━━━━━ Records for the exercise

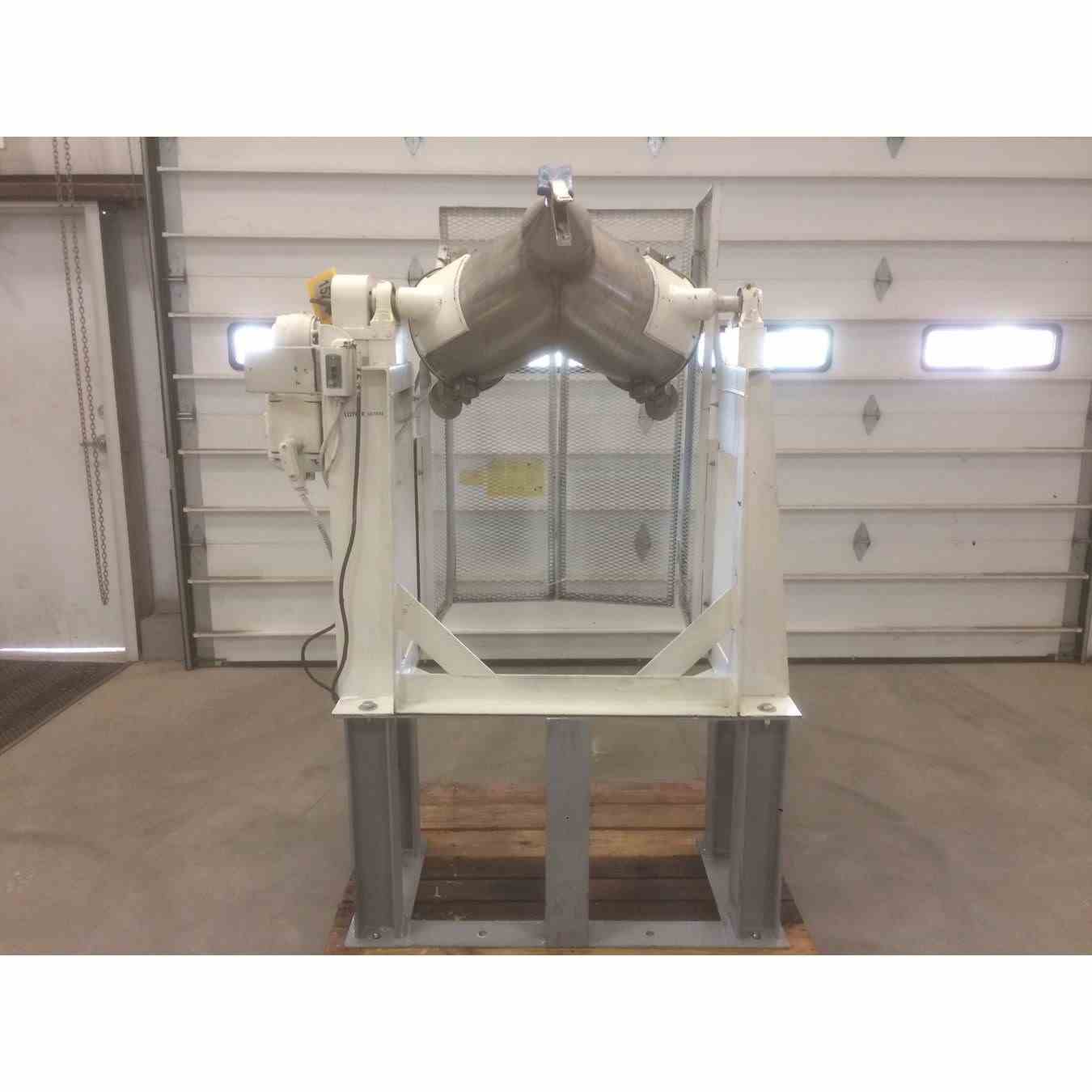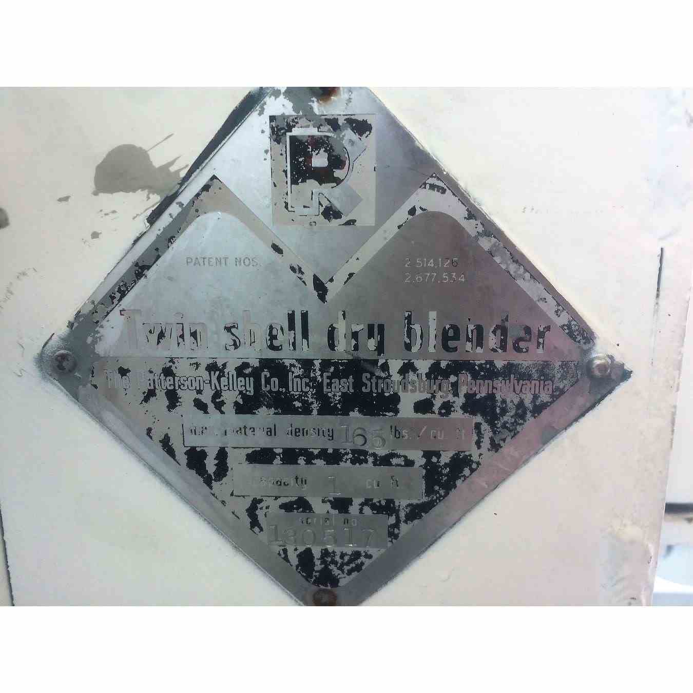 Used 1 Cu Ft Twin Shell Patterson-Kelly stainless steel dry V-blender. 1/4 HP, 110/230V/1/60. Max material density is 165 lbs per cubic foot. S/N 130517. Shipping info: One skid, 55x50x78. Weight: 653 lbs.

━━━━━━━━━━
━━━━━ Records for the exercise

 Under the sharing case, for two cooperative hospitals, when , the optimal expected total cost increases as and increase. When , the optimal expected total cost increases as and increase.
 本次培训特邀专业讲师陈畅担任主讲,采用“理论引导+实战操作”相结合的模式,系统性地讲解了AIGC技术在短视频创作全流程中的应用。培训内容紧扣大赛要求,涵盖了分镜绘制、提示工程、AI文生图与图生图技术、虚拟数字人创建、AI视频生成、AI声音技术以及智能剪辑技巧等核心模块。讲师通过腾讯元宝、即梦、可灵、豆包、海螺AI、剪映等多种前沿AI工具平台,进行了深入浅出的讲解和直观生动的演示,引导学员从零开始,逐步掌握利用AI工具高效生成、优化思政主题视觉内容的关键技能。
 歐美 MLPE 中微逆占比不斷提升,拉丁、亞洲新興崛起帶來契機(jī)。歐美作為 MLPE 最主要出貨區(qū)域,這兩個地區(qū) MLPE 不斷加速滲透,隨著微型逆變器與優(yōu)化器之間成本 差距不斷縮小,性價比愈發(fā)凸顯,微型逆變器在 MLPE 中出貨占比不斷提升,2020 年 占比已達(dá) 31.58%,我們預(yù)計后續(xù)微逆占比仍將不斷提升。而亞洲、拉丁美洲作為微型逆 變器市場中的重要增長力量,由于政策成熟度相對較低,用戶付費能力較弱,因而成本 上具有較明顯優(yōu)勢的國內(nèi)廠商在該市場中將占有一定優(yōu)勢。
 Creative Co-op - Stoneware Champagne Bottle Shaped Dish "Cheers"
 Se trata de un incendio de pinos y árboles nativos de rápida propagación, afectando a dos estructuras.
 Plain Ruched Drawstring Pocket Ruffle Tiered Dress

━━━━━━━━━━
━━━━━ Records for the exercise

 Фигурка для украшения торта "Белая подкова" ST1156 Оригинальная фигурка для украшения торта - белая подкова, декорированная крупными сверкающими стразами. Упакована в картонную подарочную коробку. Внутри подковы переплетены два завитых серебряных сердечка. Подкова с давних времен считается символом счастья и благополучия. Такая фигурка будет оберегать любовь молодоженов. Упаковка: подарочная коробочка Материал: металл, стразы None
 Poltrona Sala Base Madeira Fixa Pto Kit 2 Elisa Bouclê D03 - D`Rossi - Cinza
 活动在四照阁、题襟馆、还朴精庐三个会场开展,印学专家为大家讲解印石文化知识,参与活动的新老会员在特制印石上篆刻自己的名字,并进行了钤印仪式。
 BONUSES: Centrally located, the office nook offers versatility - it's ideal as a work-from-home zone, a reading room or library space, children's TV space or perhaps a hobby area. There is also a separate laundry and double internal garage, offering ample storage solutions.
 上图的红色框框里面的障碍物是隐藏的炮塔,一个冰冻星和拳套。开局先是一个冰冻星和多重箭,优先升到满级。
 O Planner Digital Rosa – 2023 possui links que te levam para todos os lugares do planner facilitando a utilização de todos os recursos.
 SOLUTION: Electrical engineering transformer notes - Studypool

━━━━━━━━━━

■ About this task: Could you repeat exactly the lines in the listing above from the one with "Creative Co-op - Stoneware" down to the one with "Plain Ruched Drawstring"? Include both of those lines.

■ Answer section:
 Creative Co-op - Stoneware Champagne Bottle Shaped Dish "Cheers"
 Se trata de un incendio de pinos y árboles nativos de rápida propagación, afectando a dos estructuras.
 Plain Ruched Drawstring Pocket Ruffle Tiered Dress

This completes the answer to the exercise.